Dataset records:
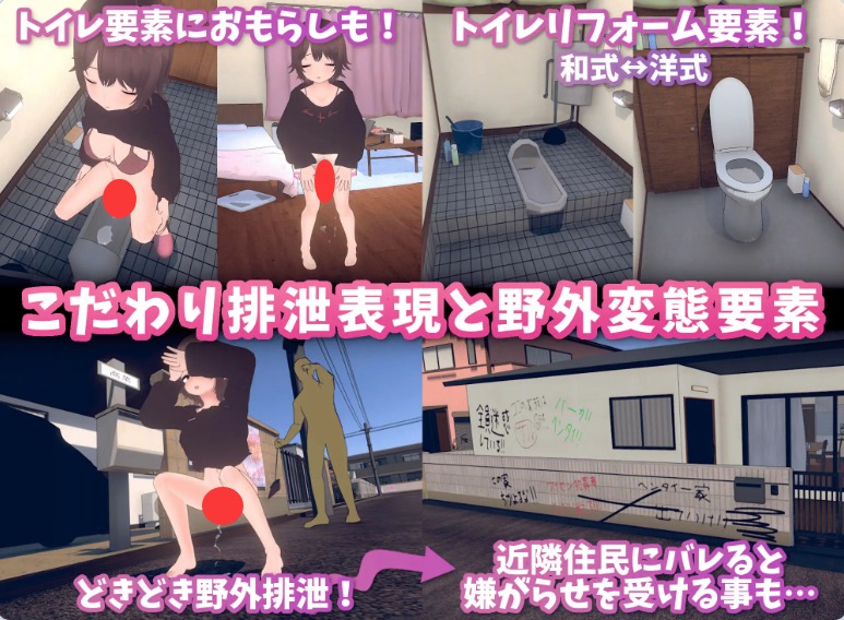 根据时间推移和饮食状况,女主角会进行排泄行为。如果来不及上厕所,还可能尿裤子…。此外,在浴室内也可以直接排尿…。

---

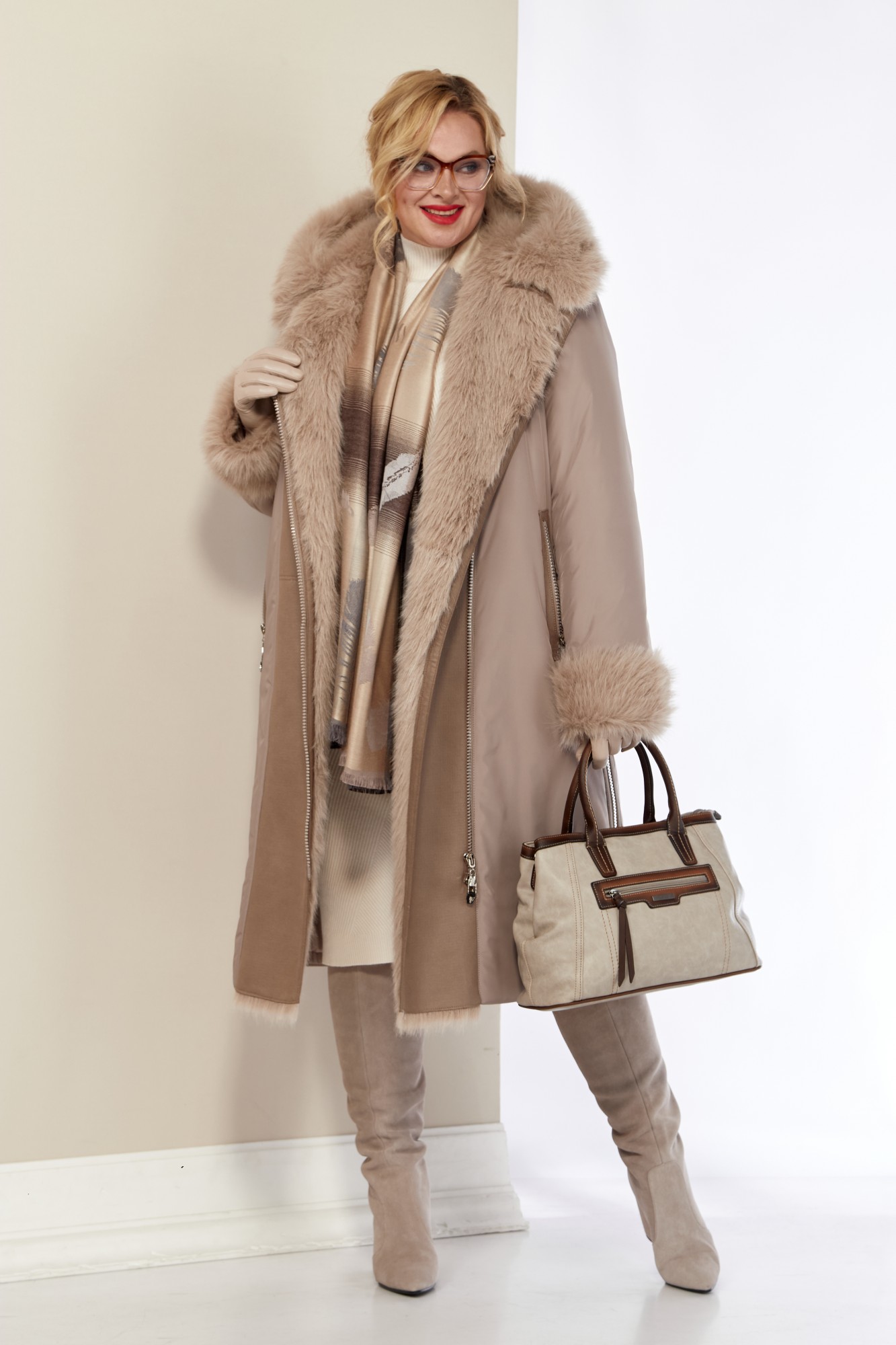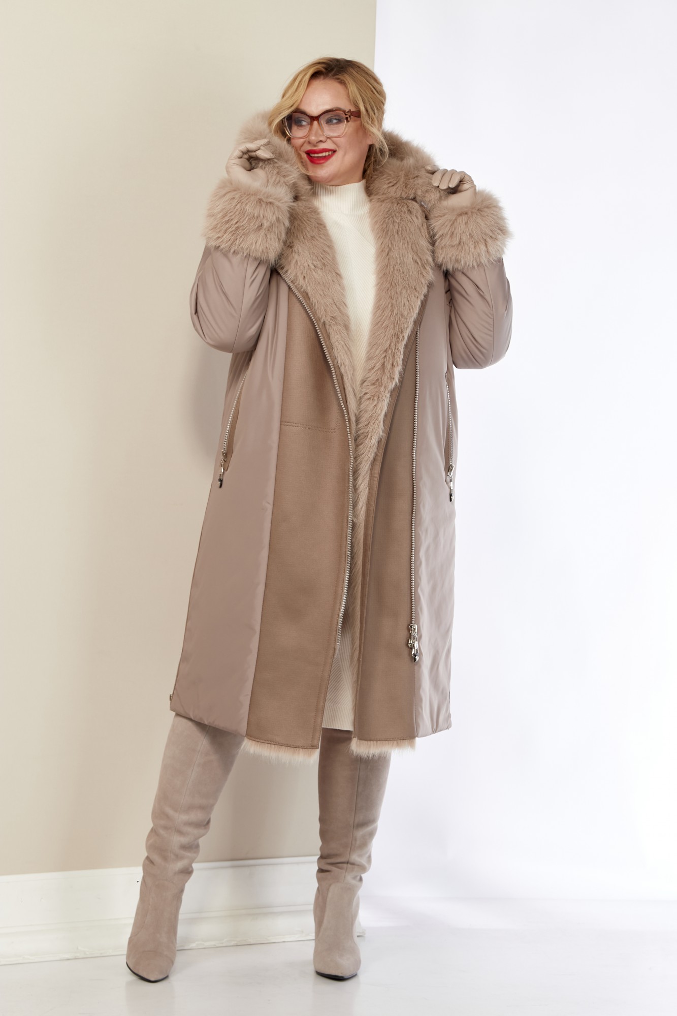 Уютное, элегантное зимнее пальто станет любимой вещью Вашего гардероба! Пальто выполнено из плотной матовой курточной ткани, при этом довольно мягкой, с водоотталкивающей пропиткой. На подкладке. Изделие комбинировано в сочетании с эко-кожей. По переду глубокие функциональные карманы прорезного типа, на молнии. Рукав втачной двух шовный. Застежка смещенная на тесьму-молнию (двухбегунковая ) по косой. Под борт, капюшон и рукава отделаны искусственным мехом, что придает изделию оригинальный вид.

---

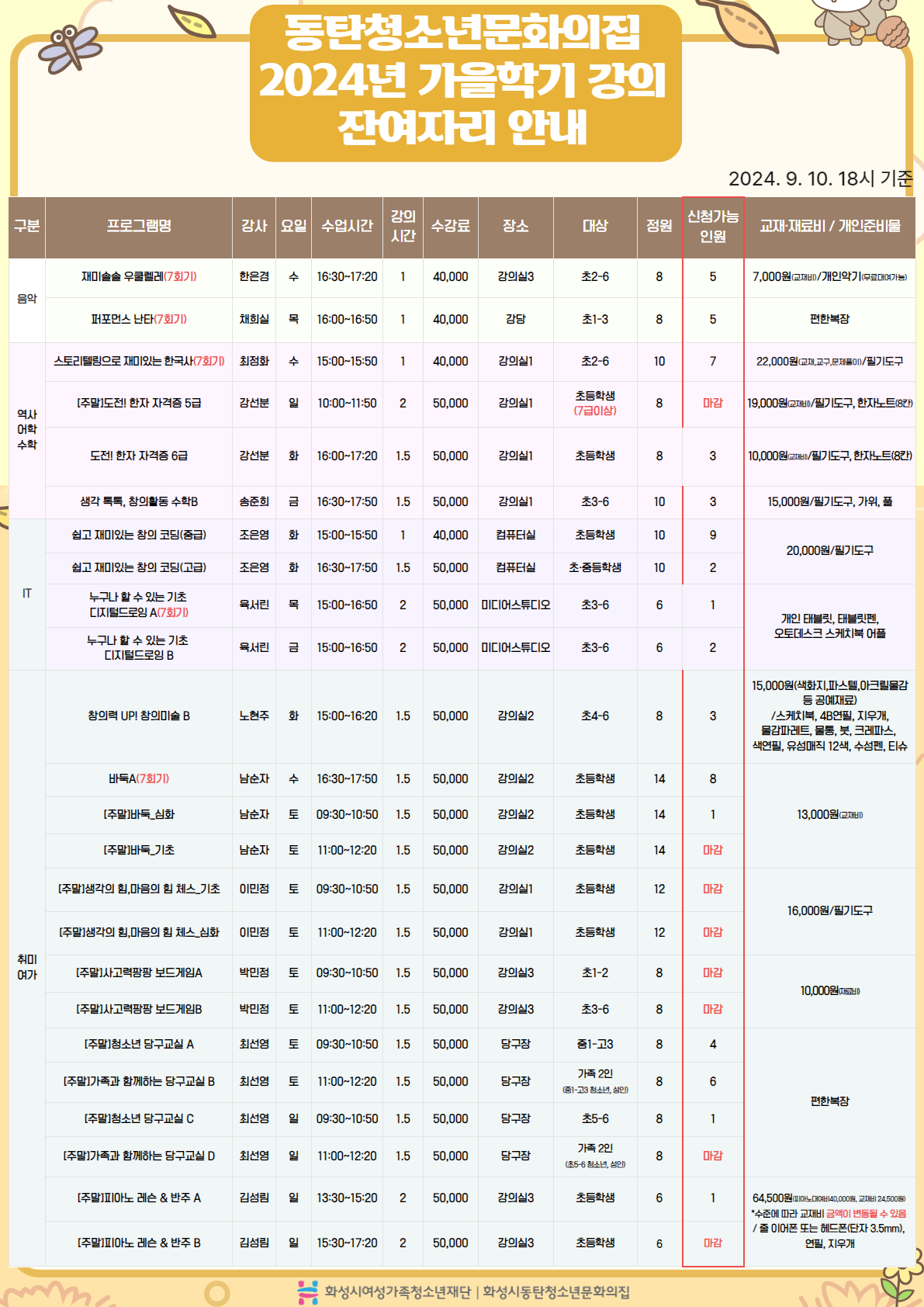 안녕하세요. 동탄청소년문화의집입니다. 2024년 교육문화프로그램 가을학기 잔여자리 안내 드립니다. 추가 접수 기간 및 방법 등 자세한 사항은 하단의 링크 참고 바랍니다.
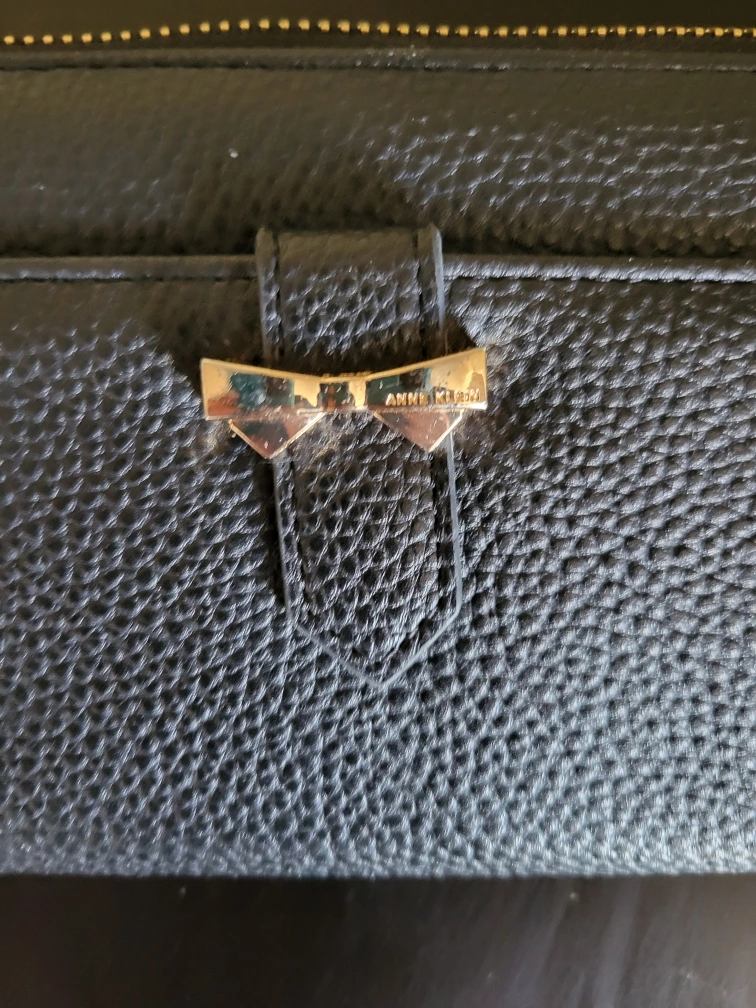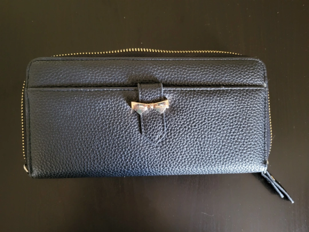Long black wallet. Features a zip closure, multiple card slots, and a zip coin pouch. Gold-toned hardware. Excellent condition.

Work instructions: From the line containing "안녕하세요. 동탄청소년문화의집입니다. 2024년" through the line containing "Long black wallet.", copy every line above exactly, without pictures.

Answer below:
 안녕하세요. 동탄청소년문화의집입니다. 2024년 교육문화프로그램 가을학기 잔여자리 안내 드립니다. 추가 접수 기간 및 방법 등 자세한 사항은 하단의 링크 참고 바랍니다.
Long black wallet. Features a zip closure, multiple card slots, and a zip coin pouch. Gold-toned hardware. Excellent condition.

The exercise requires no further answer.